Reactions: Like 4 | Way Cool 8 | Creative 1


----------



## Nature Man (Dec 1, 2017)

Definitely has a metallic look to it -- how did you do that? Chuck

Reactions: Thank You! 1


----------



## CalumetWoodworks (Dec 1, 2017)

@Nature Man I used a hammer with a rounded end instead of claws. I then used Ruby Rub N Buff. Then I went over that lightly with silver Rub N Buff.

Reactions: Thank You! 1


----------



## Smitty (Dec 1, 2017)

Keith, you certainly achieved the look you were going for. Really like it. By the way, is that a Nova Comet II lathe you use?


----------



## Nubsnstubs (Dec 2, 2017)

Good idea, and good looking piece. Is it hollowed yet? Looks like your aim is about as good as mine in that last picture with the hammer mark crossing the line. In order to keep the Genie in the bottle look, it needs a lid....... Jerry (in Tucson)


----------



## CalumetWoodworks (Dec 2, 2017)

@Smitty it is, Family got it for me last Christmas, LOVE it.

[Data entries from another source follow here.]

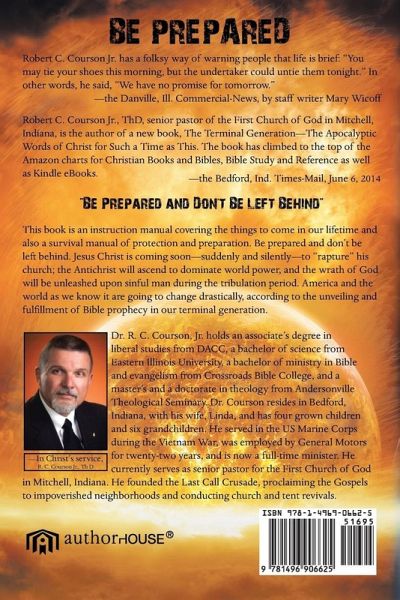 Prior to reading and undertaking the study of this book I want to encourage you to understand we are the Terminal Generation according to the empirical evidence, the scientific evidence and the biblical evidence that will be presented in this book. Simply our generation; the Baby-Boomers, the Hippies, the Yuppies, the Generation X, and the Millennials will be alive when humanities greatest cataclysmic event sounds in our life time. As you read this book realize the world and your life as you know it today is about to change forever! Jesus Christ is coming soon, suddenly, silently to Rapture His Church, the Anti-Christ will ascend to dominate world power and the Wrath of God will be unleashed upon sinful man during the Great Tribulation Period. This book is an instruction manual covering the things to come in our life time and also a survival manual of protection and preparation; be prepared and don't be left behind!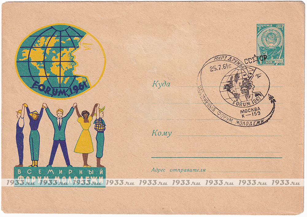 СССР. 1961 ГОД. ПОЧТОВЫЙ КОНВЕРТ СО СПЕЦГАШЕНИЕМ, ПОСВЯЩЁННЫЙ ВСЕМИРНОМУ ФОРУМУ МОЛОДЁЖИ ПРОХОДЯЩЕМУ В МОСКВЕ, В 1961 ГОДУ.
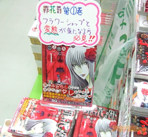 三上骨丸氏がジャンプSQに連載されている罪花罰1巻【AA】が出ていて、メロンブックス秋葉原店でPOPが付いていた。『罪花罰』は、超ド級の変態店長がいるフラワーショップを舞台にした耽美系下ネタギャグ漫画(Wikipedia)で、メロン秋葉原店のPOPでは『フラワーショップと変態が気になる方 必見!』とのこと。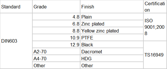 This standard specifies DIN603 carriage bolts with metric threads M5 to M20 of product grade C.DIN standard carriage bolt can be made of carbon steel,stainless steel,alloy steel or other materials.Our carriage bolt has been certificated by ISO 9001 and TS16949.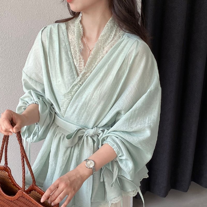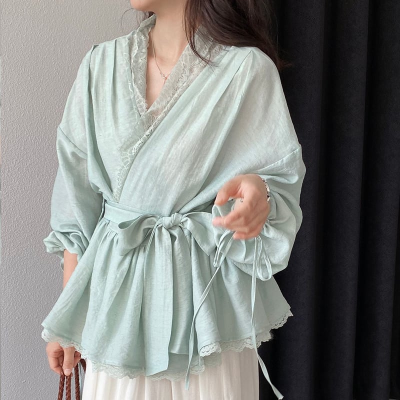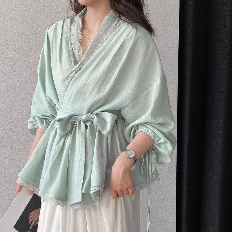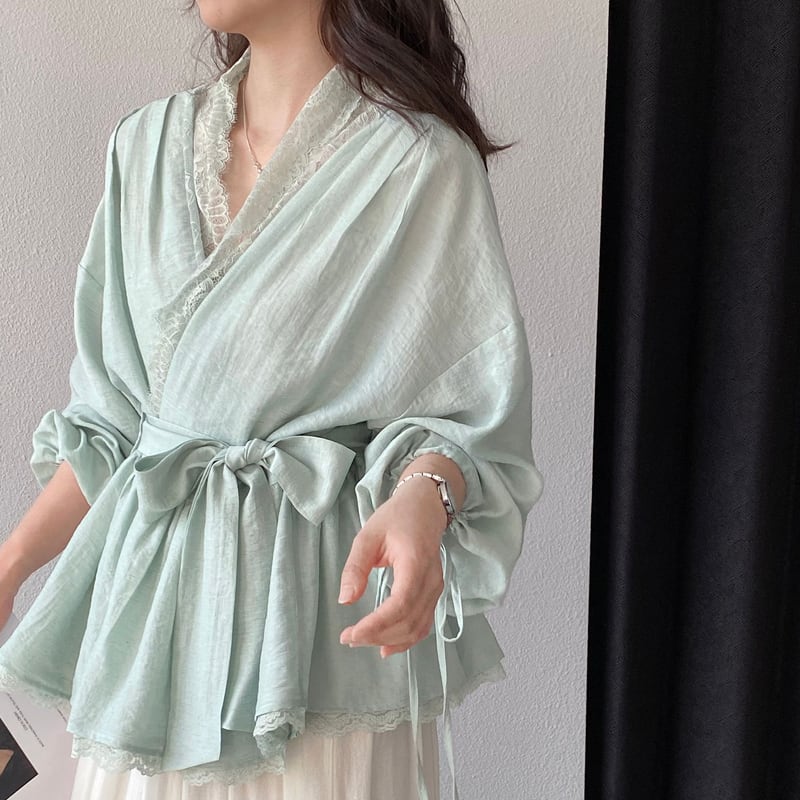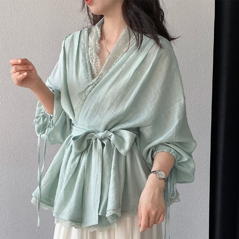 【tops】レースドッキングクロスネックトップス Q8282

@Nubsnstubs I cheated and used a forstner bit to hollow it. I think I will make a top.

Reactions: Thank You! 1


----------



## barry richardson (Dec 2, 2017)

Nice effect!

Reactions: Thank You! 1 | Agree 1


----------



## gman2431 (Dec 3, 2017)

Very creative! Looks cool!

Reactions: Thank You! 1


----------



## cabomhn (Dec 3, 2017)

Really neat! I can see that getting adapted for a variety of finishes.

Reactions: Thank You! 1


----------



## jasonb (Dec 3, 2017)

Very cool, I am a fan!

Reactions: Thank You! 1


----------



## TimR (Dec 3, 2017)

I like it!

Reactions: Thank You! 1


----------